The Dodgers countered with Rubby De La Rosa in the seventh, working the night before his 22nd birthday. Rubby has been known to throw 103, the same blistering speed as Chapman. He pitched for Class-A Great Lakes and Double-A Chattanooga last year he combined for a 2.37 earned run average and 94 strikeouts in 110 innings. He used six pitches to retire the Reds in order in the seventh and gave up a leadoff double in the eighth, picked the runner off, then collected a pair of strikeout.

Ivan De Jesus singled to right with one out in the eighth inning, breaking a string of 10 straight Dodgers retired since the fifth inning. Justin Sellers bounced into a double play to kill that mild threat. A double play ended the game after A.J. Ellis legged out an infield hit, the Dodgers seventh, and final, hit of the night.

Pitchers on display in "B" game<
Ted Lilly recovered from the flu to pitch two perfect innings for the Dodgers in a "B" game against the White Sox on Thursday morning and three of their first-round selections, Ethan Martin Aaron Miller and Zach Lee also saw action.

Lilly, who missed his first scheduled start Wednesday, made 27 pitches, had a single strikeout over his two innings of work. He threw mostly fastballs and changeups, with a few sinkers to left-handed hitters.

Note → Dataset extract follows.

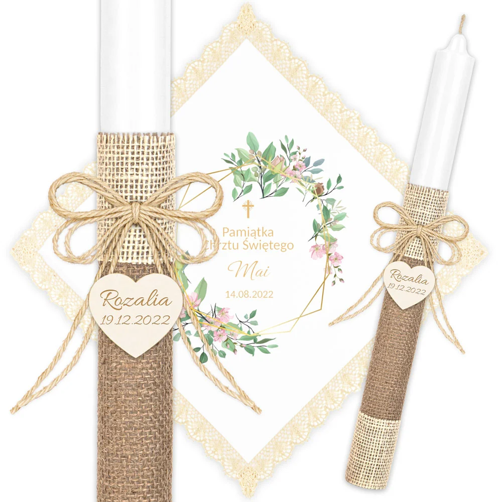 ✅ personalizacja (imię oraz data chrztu) na świecy oraz szatce.

"I felt good. I was definitely excited to be pitching in a game again," said Lilly, who was making his first start since signing a three-year, $33 million contract. "Some adrenaline kicked in and helped me forget the flu. I enjoyed being out there and being part of a team. I missed that in the offseason."

"My command wasn't especially great, buy my velocity was OK. I don't expect it to be where I'd like it to be just yet but I hope to get there pretty soon. It's not as much my velocity as delivering without effort and strain on my arm."

Lilly said by pitching two innings, he will be able to come back in four days and get back on the five-man rotation cycle.

Following Lilly 2010 first-rounder Zach Lee worked two-thirds of an inning with a strikeout while allowing a run before his pitch count kicked in. Lee was drafted and then signed just before the deadline for a club record $5.25 million. He had a scholarship to play quarterback for LSU and many considered him the most un-signable player in the Draft.

Martin and Andrew, who each added a scoreless inning, were the club's top picks in 2008 and 2009. Martin signed for $1.73 million and Miller, a supplemental pick, received $889,200.